As the raven flies …

If we settle for the Raven Way from the Ebbw valley over Mynydd Machen, where does that leave us …

From the Blackvein bridge, walk up the road to the right, ignoring the first waymarked footpath to the left – it’s impassable.


You can take the bridleway to the left across the first bend – the beginning is over grown but it soon clears.


Ignore paths off this, rejoin the road and continue up. After the road bends to the right, take the footpath to the left.


This is a good path up through the woods – was it once a tramway? The stones have regular holes and look as though they might have been sleepers.


Cross the forest road and continue up. Where the track divides, bear up to the right towards the forest edge, over a stile and turn left along the forest edge.


Here it gets difficult – the path is very overgrown, boggy and in places blocked by fallen trees. From here it is the route from my earlier blog posting (


Keep along the line of the forest edge as best you can. Cross a rickety gate and bear up to the right through the next field to a gate. Cross the roughly metalled trackway and make your way up through the bracken (in spite of all the Ramblers’ efforts 2 days ago, virtually impassable).


From the top of the pass there’s a clear path down to the forest


and along the forest edge (lovely views)


down to Machen.

But to be honest I can’t recommend it as it stands: very hard going for a promoted route.

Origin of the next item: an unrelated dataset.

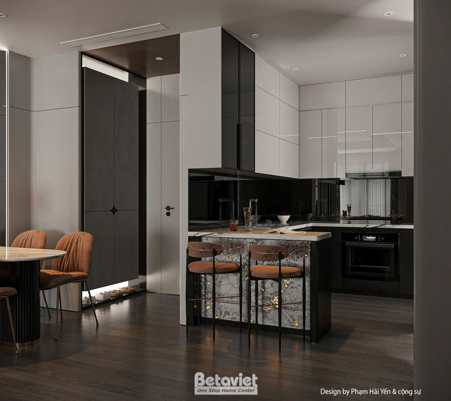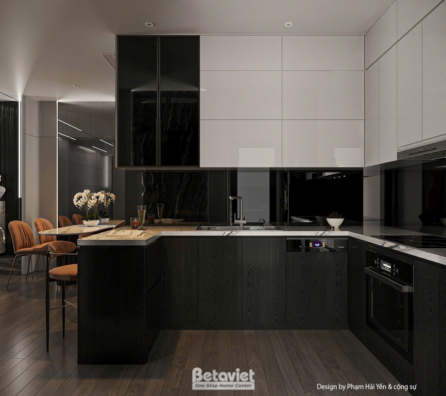 Thiết kế phòng bếp chung cư trong NT26101 được thiết lập với bố cục chữ U hợp lý, tối đa hóa dụng tích và tự nhiên hóa quy trình nấu nướng. Hệ tủ bếp Acrylic trắng – đen bóng gương, tay nắm ẩn và hệ kệ trên dưới tích hợp với thiết bị bếp cao cấp mang lại tự tiện nghi đến tối đa.

If it can be cleared and kept clear it’s probably the best option (we certainly couldn’t commit to keeping a second route clear). The alternative would probably involve continuing up the road and bridle paths from Glenside, turning left at the top along that roughly metalled track and following it up to the remains of an old car parking area south-east of Mynydd Machen (I can remember driving up to that one but you’d need a 4×4 now) and walking up the scrambler tracks to reach the path to the forest.

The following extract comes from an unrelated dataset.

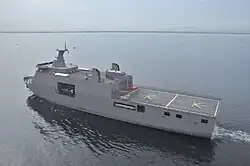 Initially a separate project from the Strategic Sealift Vessel, the Department of National Defense (DND) was rushing the acquisition of one or two multi-role vessels (MRV) for the Philippine Navy through government-to-government contract at a cost of 5 to 10 billion pesos. Initially the reported source of the said ships is either South Korea or Singapore.[10] Previous statements and news reports indicate that the multi-role vessels are comparable to landing platform docks operated by foreign navies like the Singaporean Endurance class or the Spanish Galicia class.[11] It was later confirmed that the ship would be from South Korea[12] and is a variant of the Indonesian Navy (TNI-AL) Makassar-class LPD, and is packaged with four units Samsung Techwin KAAV-7 amphibious assault vehicles (AAV), two units Daesun 23-meter (75 ft) landing craft utility LCU-23, four units of 9.8-meter (32 ft) rigid-hulled inflatable boats, one unit truck-based mobile hospital, two units Kia KM-250 21⁄2-ton troop trucks, two units Kia KM-450 11⁄4-ton troop trucks, two units Kia KM-450 ambulances, two units Kia Retona 1⁄4-ton utility vehicles, and one unit forklift/cargo handling equipment.

O for the wings of a raven …




6 thoughts on “As the raven flies …

  1. Thank you for your pioneering work on the route I intend to walk next summer. Paths all over the country are getting seriously overgrown with the cuts in local government budgets and the collapse of grazing on open land. Seems I may need a strimmer! Those stones are identical to ones I saw on the Bryn Oer tram-road between Trefil and Talybont on Usk in the late 60s. That was a horse-drawn tram-road laid down in the early 1800s.

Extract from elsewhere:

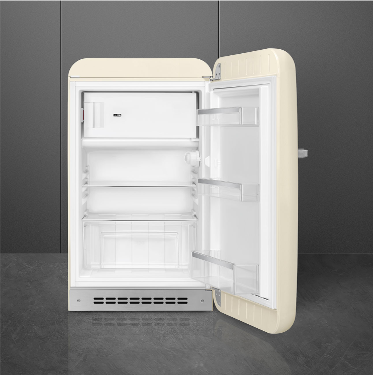 Model FAB10 byl vytvořen, aby vyhovoval potřebám moderních stylů zařízení: S výškou pouhý 1 metr a šířkou 54 cm je idální pro malé kuchyně nebo kanceláře. Navzdory svým malým rozměrům nabízí FAB10 všechny funkce, které byste od chladničky FAB značky Smeg očekávali: Má nízkou spotřebu energie a s hlučností pouhýcz 37 dB(A) je tento spotřebič téměř neslyšitelný - ideální pro malé domácnosti nebo kanceláře.

    • Many thanks, Jeff. There are also similar stones on the route from Penderyn towards the Neath valley which was apparently a very early tram road (I have a feeling it may have been a very early steam-powered tram but C19 industrial archaeology is way past my bed-time!)
      I’m in touch with Caerphilly CBC’s footpaths team and the local Ramblers – we may be able to get volunteers to do some bramble-bashing. The section above the forest is going to be more tricky. 20 years ago I’d have been out there with chain saw and wheelbarrow – Free Fuel! – but there’s also the problem that it’s very boggy and uneven underfoot. You will need good boots.
      The good thing is that the Raven Walk is a promoted path so there is a good chance we can get some maintenance done.


  2. Hi Madeleine
    I’ve spent a lot of time browsing your Cistercian Way website over the years, but I hadn’t come across this blog until a couple of days ago. Perhaps you should put a link on the website so that more people know about it?

    I’m glad to see that the Cistercian Way’s been resurrected. I’ve always thought it’s a great idea for a walk, particularly if you include St David’s and Bardsey, and have often wondered whether anything was ever going to happen with it.

    Anyway, your blog inspired me to go for a run up Mynydd Machen yesterday (something I used to do a lot, but haven’t found time to this summer). Having run up the Sirhowy Valley Walk from Rhiwderyn, I tried to follow the path from the ridge down to the track coming up from Castle Farm. Very overgrown! The problem, I think, is the tree still blocking the track above Castle Farm. This has always been a popular route on to the mountain, so the path across the common usually gets a fair amount of use. Once the tree has been removed, things might improve. Assuming they do, this is my suggestion for a route between Twmbarlwm and Mynydd Machen:

    Follow the lane off Twmbarlwm to the south-east. Turn right along the track to Cribarth and Penrhiw. Follow the line of the old lane straight down the hill, across the canal, and into Pontymister. Keep straight across the main road into Danygraig and follow the green lane diagonally up the slope to Ochrwyth. Turn right and up past Castle Farm to the common. Keep ahead along the path to the ridge. Any thoughts? There are more direct paths on to the mountain from Pontymister, but I doubt these will be easy to follow.

    Good luck! Harri

    • I think that would be roughly what I did in my first try at the route ( ) but I completely failed to get through the fallen tree. 20 years ago I’d have been there with a chain saw and a wheelbarrow – Free Fuel! – I’m surprised no-one else has had a go. I’m not actually sure about the legal status of that bit of road – it might be easier to clear than the Raven Walk, the way things are.
      Ah, yes, the web site – it needs so much work that I’m putting it off until we know where we are going. Also I need to find a new home for it as the Newport server and our History programme’s days are numbered, so I may as well get it all done in one go.